- Born: Jane Bunford 26 July 1895 Bartley Green, Northfield, Birmingham
- Died: 1 April 1922 (aged 26) Bartley Green, Northfield, Birmingham
- Known for: Tallest recognised British person
- Height: 2.41 m (7 ft 11 in)

= Jane Bunford =

English female giant

Jane Bunford (26 July 1895 – 1 April 1922) was an English woman who was the tallest person ever documented from the United Kingdom measuring 2.41 m at the time of her death (adjusted for spinal curvature). She was the tallest woman in the world during her lifetime.

==Early life==
Bunford's parents were John Bunford (14 March 1856 – 10 December 1916) and Jane Bunford (Nee Andrews) (April 1857 – 1934) of Bartley Green, Birmingham, UK. Her father was a metal caster.

==Accident==
According to the Guinness Book of Records at the age of 11, Bunford had a head injury. It is believed that the injury permanently damaged her pituitary gland, releasing an excess of growth hormone which sent her growth out of control. While she was fairly tall for her age, her height was not unusual or exceptional before her accident at 5 ft 0 in.

==School==
Bunford attended St.

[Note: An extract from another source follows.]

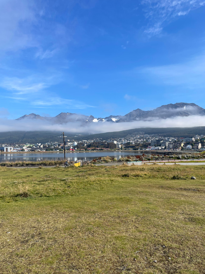 This image presents a panoramic daytime view of Ushuaia, Argentina. The foreground consists of an expansive, unkempt grassy field exhibiting varying shades of green and brown, with no discernible indi…read more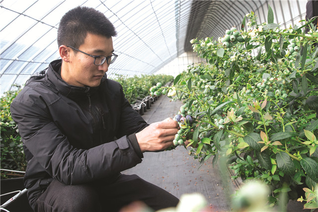“第五代藍(lán)莓智慧大棚內(nèi)設(shè)有環(huán)境設(shè)備監(jiān)測(cè)、溫濕度傳感、光照、土壤水分等各類(lèi)傳感節(jié)點(diǎn),能夠?qū)崿F(xiàn)自動(dòng)控溫控濕等功能,為藍(lán)莓生長(zhǎng)創(chuàng)造一個(gè)最佳環(huán)境,有效提高藍(lán)莓產(chǎn)量和品質(zhì)。”清晨,乳山市夏村鎮(zhèn)膠東伯瑞藍(lán)莓基地生產(chǎn)經(jīng)理殷曉磊來(lái)到大棚內(nèi)查看藍(lán)莓長(zhǎng)勢(shì)。

Michael's Secondary School in Bartley Green. At school she displayed a talent for embroidery but the desks and chairs became too uncomfortable for her to sit at. A Mrs Booth who knew Bunford said it was difficult for her to get through the school doors. As a result of both factors, Bunford's parents took her out of school. On her 13th birthday she was measured at 1.98 m tall. On her 21st birthday Bunford was measured at 2.39 m tall, her peak standing height. Mrs Booth said Bunford had to have her shoes specially made at Halesowen as she had size 17 feet.

==Later life==
Bunford rejected several opportunities to benefit financially from her size and appearance. She had straight long auburn hair. In her final years Bunford became a recluse. She hated the attention her size brought her, and her spine developed a severe curvature. Because of this, Bunford could not stand fully erect towards the end of her life. By the end of her life, Bunford was also in pain because of joint problems and other ailments. She often baby-sat young children in the area, as a favour for neighbours.

==Death and funeral==
Shortly before her death, Bunford was measured at 2.31 m tall. It was estimated that she would have been 2.41 m, if she had not developed the spinal curvature.

Bunford died at her home in Jiggins Lane on 1 April 1922. According to her death certificate, Bunford died of hyperpituitarism and gigantism.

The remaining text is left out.